I made Sunday dinner for some of the people staying up at the campus house. Even though I’m not actually staying there the people who are there are a little more interesting than the people staying at Roarty’s where everyone is making do for themselves.
I spent the day baking and cooking. I made a nectarine crumble (God-be-with-the-days when turnips were the most exotic fruit you could get in the little shop in the village) and some soda bread. In the afternoon I made a very French chicken dinner, but without the lentils (still not readily available despite the nectarines).
Mary came down to pick me up. She had already made boiled potatoes and steamed vegetables to go with the chicken. Yvonne from London joined us and Sandy from Milwaukee was also there.
Right after dinner while we were eating the crumble and whipped cream we began to talk politics. Somehow, Sandy said exactly the same thing that Leslie had said about the Palestinians. She said that they had sold their land to the Jewish settlers. This is exactly how Leslie started her Zionist diatribe. But Ireland is not France. Everybody jumped on Sandy. What was amazing though was that she followed the same script that Leslie had expounded: the Palestinians freely sold their land; the Arab leaders convinced the Palestinians to get out of the way of the fighting in 1948 and 1967 (no, they are not refugees since they left freely); there is already a Palestinian homeland in Jordan where the Palestinians are a majority of the population; the Palestinians have used the Gaza strip as their launching pad for rockets that have sown terror among the Israelis (just like Leslie she had never heard of the Israeli bombardment of Gaza); Hamas prevents economic development of Gaza so that they can better control the population; and Israel is not a right-wing terror state but simply being led by bad extremists who are trying to pervert a very good democracy (the only democracy in the area, mar ea).
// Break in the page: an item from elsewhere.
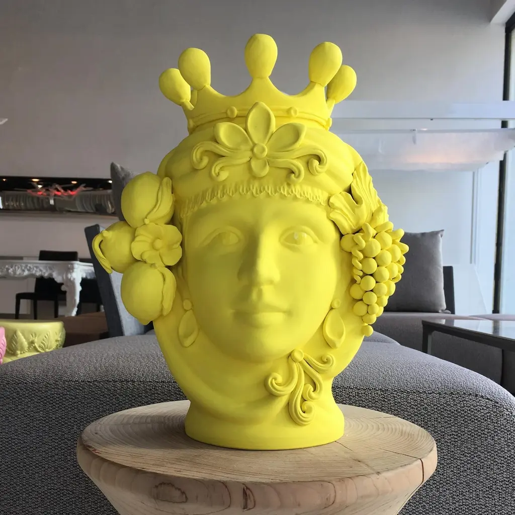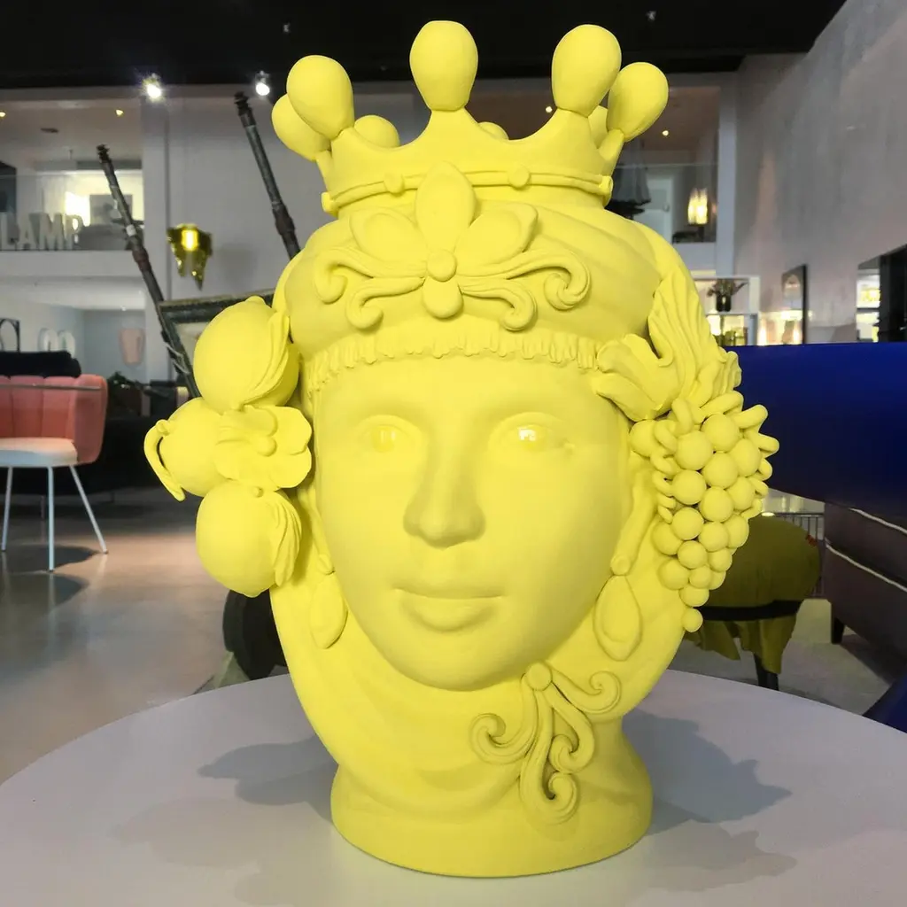 Scroll down and click "view all from Seller" to see more than 400 other unique products. (2)This unique work of art is sure to make a statement in an eclectic or modern decor, where it will be an ideal vessel to display floral compositions or as a statement sculpture. Its design is inspired by the Moorish-inspired sculptures in Sicilian ceramic tradition. The delicate features of the woman's crowned head are accented with flowers and fruit that are handcrafted and rendered with naturalistic details.Made in Italy:Made in Italy furniture means design, quality, style and sophistication.The typical elegance of Italian design can be found in this piece. No wonder that the world famous designers like Philippe Starck, Karim Rashid, Piero Lissoni, Rodolfo Dordoni and many others put their signature next to Made in Italy.

Yvonne gave it back to Sandy in spades. She suggested that she read Edward Saïd, a writer Sandy and most Americans, had never heard of. It was a lively discussion but what struck me most was the sense that Jewish people are following a script when they think Israel is being attacked. I wonder how that happens – how that coordination of thought takes place. And I wonder if it is strictly an American thing or do all Jewish people respond in this way to the threat they perceive when anyone expresses sympathy for the horrors that the Palestinians have experienced?